Downloading resources

To download a resource using the Spell CLI, use spell cp command. For example:

$ spell cp runs/4
✔ Copied 10 files

To download a resource using the web console, navigate to the resource you want to download in the browser and click on the download button.

Deleting resources

You can delete any resource in the uploads or runs folders using spell rm.

$ spell rm uploads/foo uploads/alternative_foo

spell rm accepts a list of directory paths as input, and supports ranges (e.g. spell rm /runs/1-10). It does not support wildcards (?, *, etcetera).

Mounting resources

Using SpellFS resources inside of a run, workspace, or model server requires mounting the data to the instance. This is done using the --mount flag on the spell run, spell hyper, spell jupyter, spell server serve, and spell server update commands.
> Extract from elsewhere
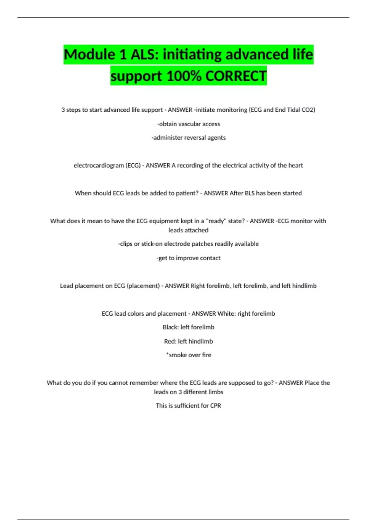 3 steps to start advanced life support - ANSWER -initiate monitoring (ECG and End Tidal CO2) -obtain vascular access -administer reversal agents electrocardiogram (ECG) - ANSWER A recording of the electrical activity of the heart When should ECG leads be added to patient? - ANSWER After BLS has been started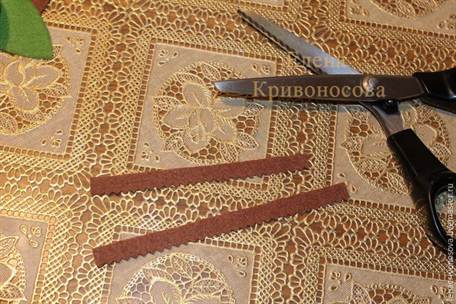 - отрезки фетра разных цветов: коричневый (25 на 15), бежевый (9 на 9), красный (5 на 8), бежевый (9 на 8), белый (10 на 7), зеленый (5,5 на 6,5), салатовый (5 на 6).

To learn more, refer to the section "Mounting resources" in the run guide, "Creating a workspace using the web console" in the workspace guide, or "Managing model server mounts" in the model server guide.
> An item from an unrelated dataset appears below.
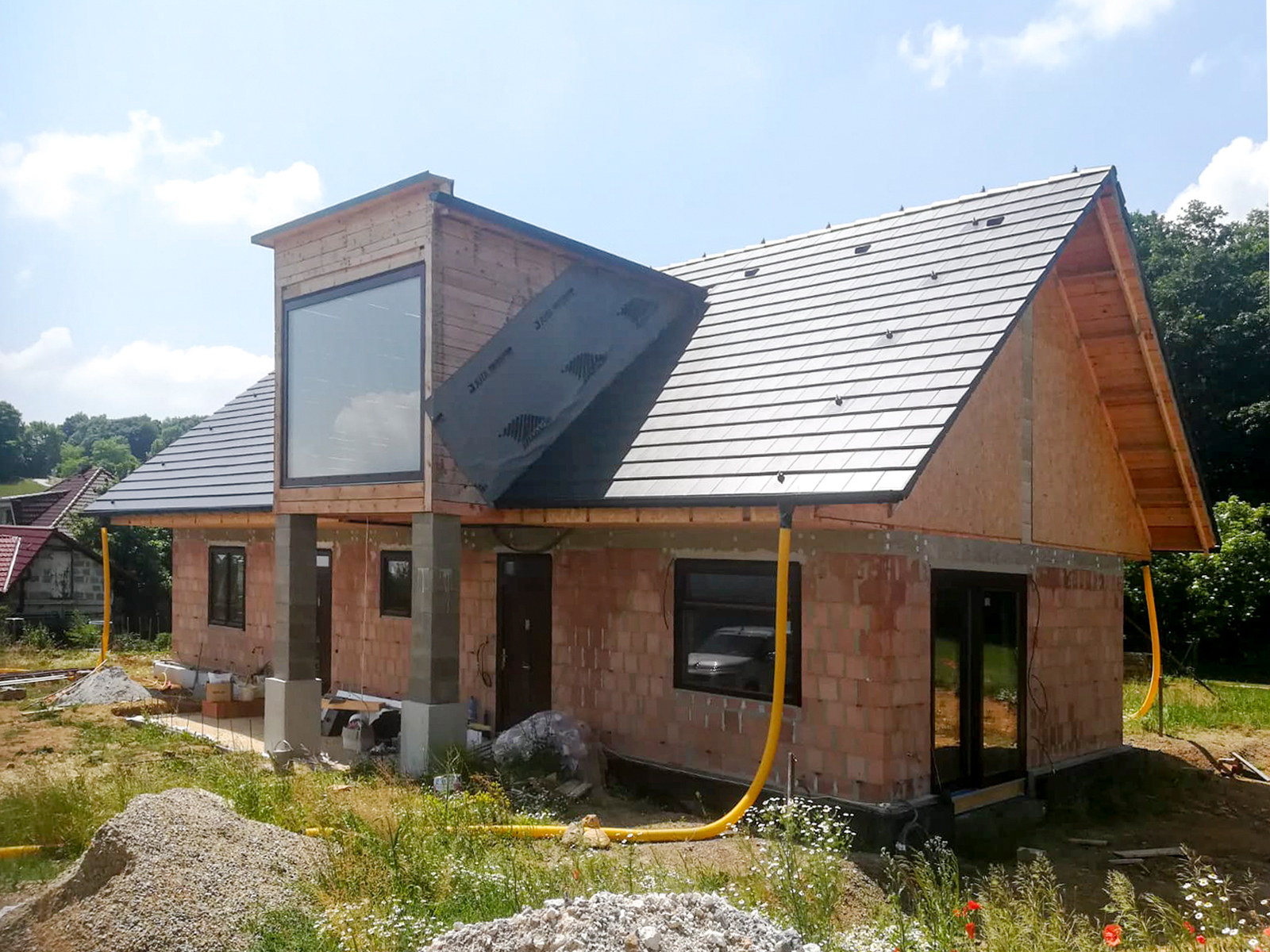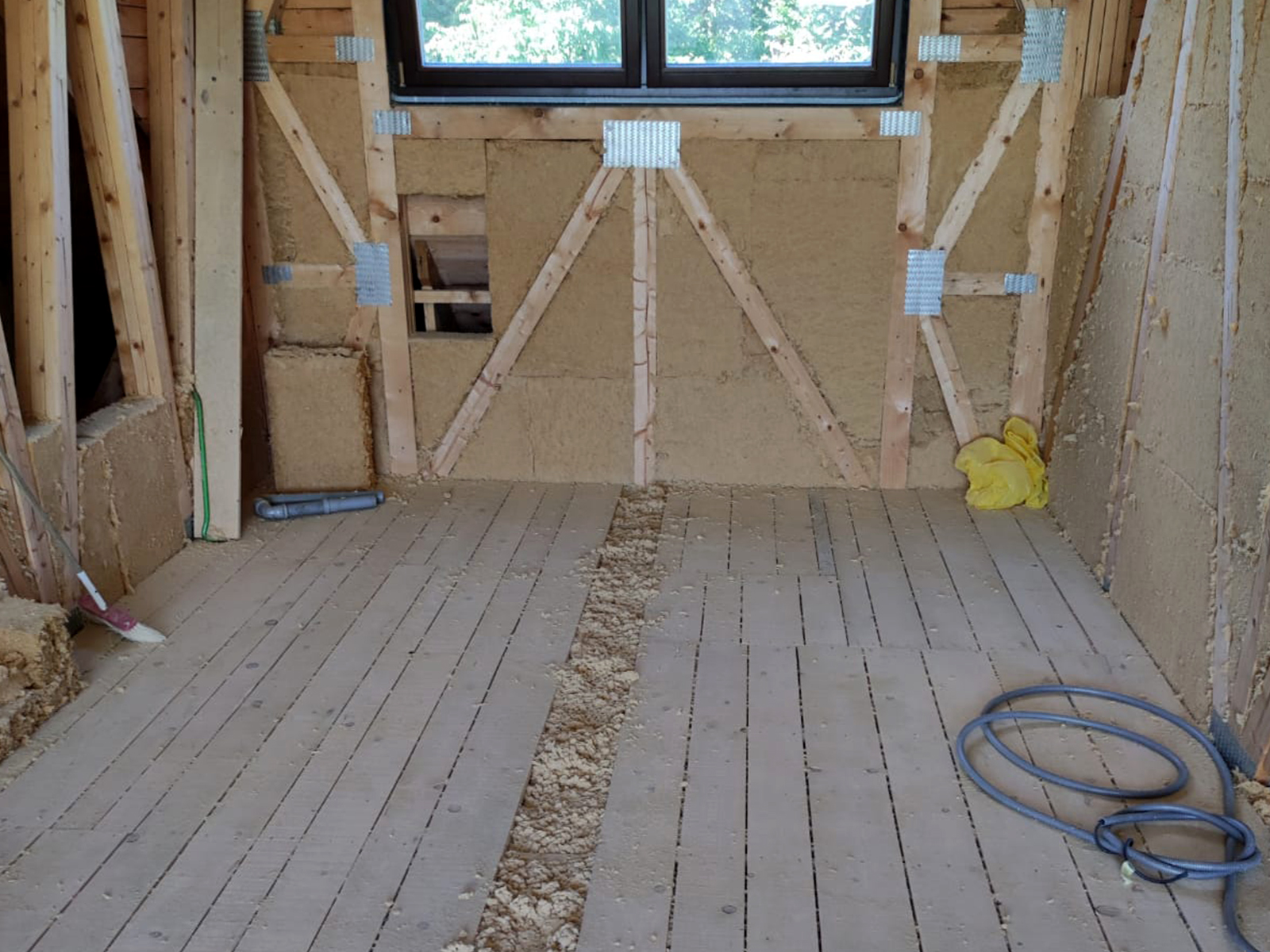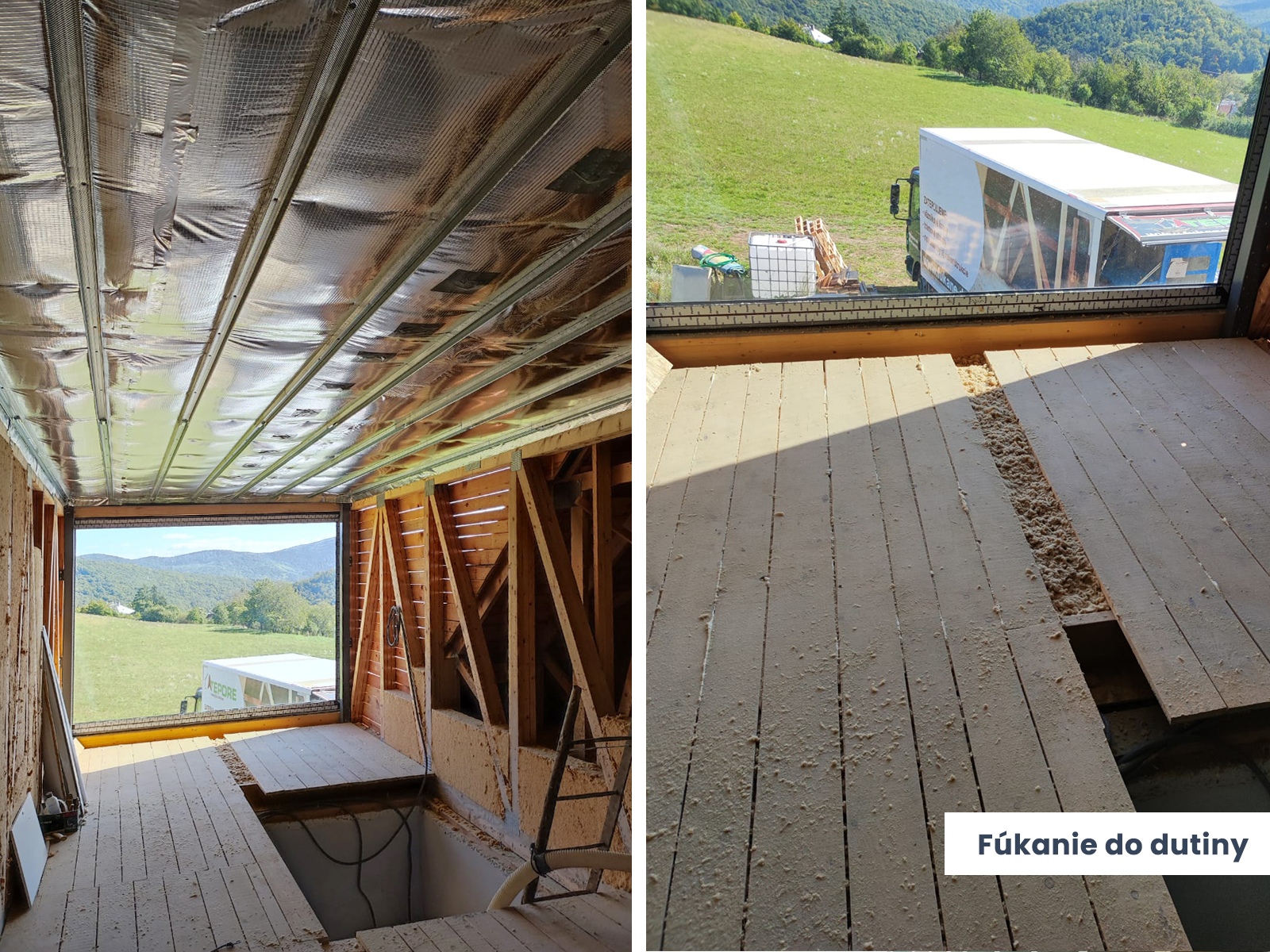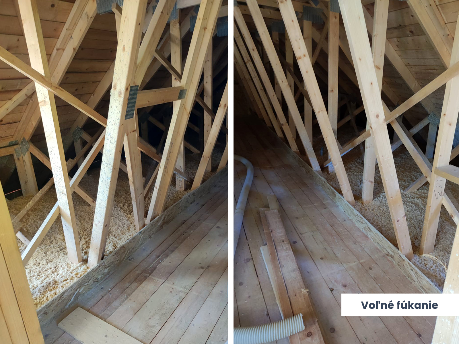 Zateplenie: Kon-truss väzníková strecha, kombinácia voľné fúkanie a fúkanie do dutiny

Resource links are a convenient way to refer to specific files or directories within your Spell resources. They are very similar to file system symbolic links. If you frequently find yourself referring to a deeply nested file, such as runs/2493/checkpoints/models/face-detection/weights, you can create a link:

$ spell link face-weights runs/2493/checkpoints/models/face-detection/weights
Successfully created symlink:
face-weights ---> runs/2493/checkpoints/models/face-detection/weights    Mar 11 10:58

The link alias can then be used in other Spell commands. For example, to mount the file in a new run you can use the face-weights alias:

$ spell run -m face-weights:model/weights python train.py

To create a link use the spell link command, pass the desired link alias as the first argument and the resource path as the second argument. The resource path must be an existing file or directory within a Spell resource (i.e., a run output, upload, or public dataset). For example:

$ spell link coco-train public/image/coco2014/train2014/
Successfully created symlink:
coco-train ---> public/image/coco2014/train2014    Mar 11 11:07

Note

Resource links created in Spell for Teams are shared across the entire team.

There are three ways to view all of your links.
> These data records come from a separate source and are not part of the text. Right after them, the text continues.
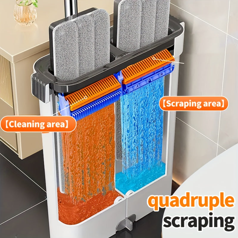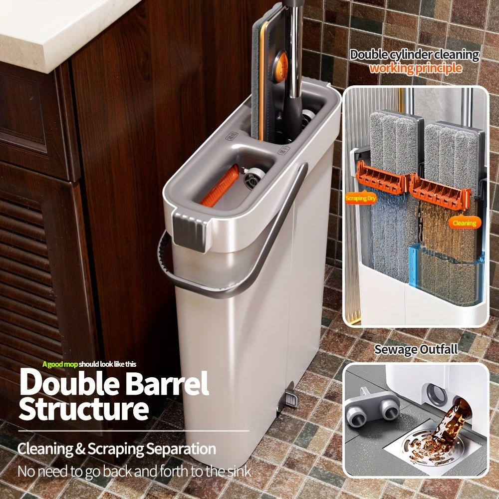 Ikki barrelli mop va qopqoq to'plami 33 sm zanglamaydigan po'latdan yuvish va quruq tekis moplar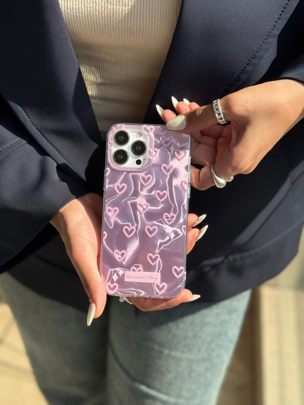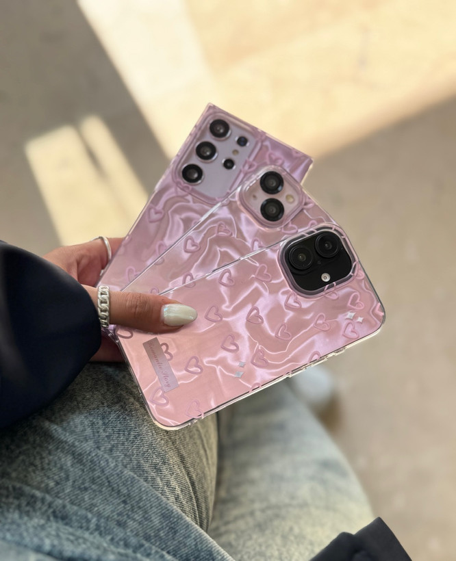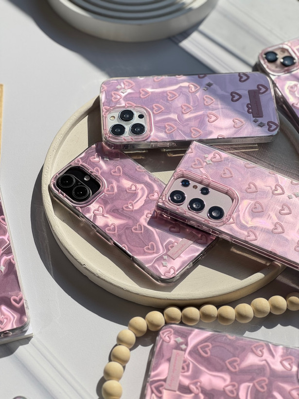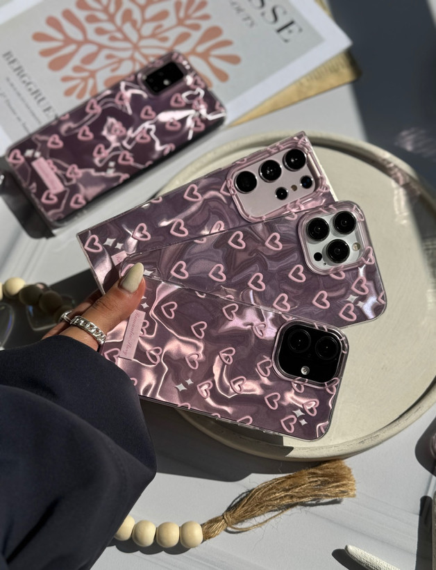 قاب گوشی آیفون سامسونگ شیائومی مدل موج صورتی قلبی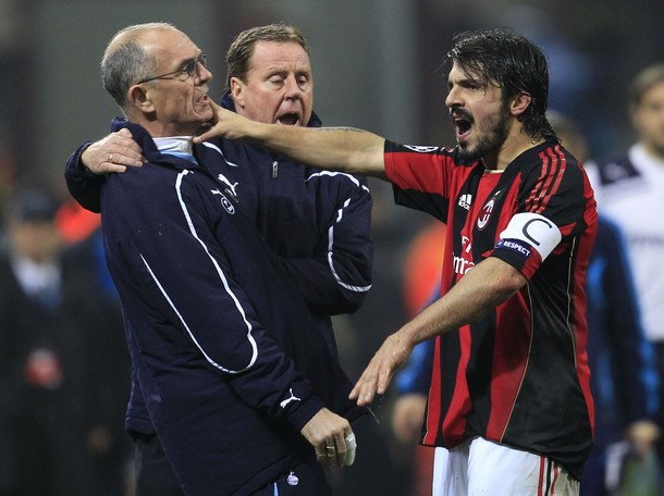 O Milan perdeu o jogo e a calma: Gattuso agride Joe Jordan, ex-jogador do clube e membro da comissão técnica do Tottenham (Reuters)Texto por Leandro Gomes, do Ortodoxo e Moderno.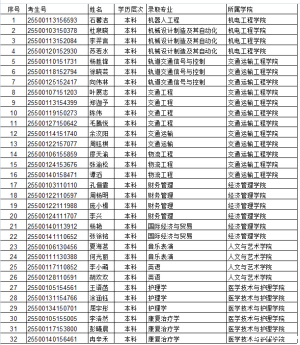 2025年重庆本科录取名单

Running the spell link command with no arguments:

$ spell link
face-weights ---> runs/2493/checkpoints/models/face-detection/weights    Mar 11 10:58
coco-train ---> public/image/coco2014/train2014                          Mar 11 11:07

Running the spell ls command with no arguments:

$ spell ls
-        -              public
-        -              runs
-        -              uploads
-        -              face-weights -> runs/2493/checkpoints/models/face-detection/weights
-        -              coco-train -> public/image/coco2014/train2014

Visiting the resource page on your web console:

A screenshot of resource links in the web console

You can delete a link using the spell unlink command:

$ spell unlink face-weights
Successfully removed link with alias face-weights.

Note

In Spell for Teams, only the original creator or an admin of the organization is allowed to delete the link.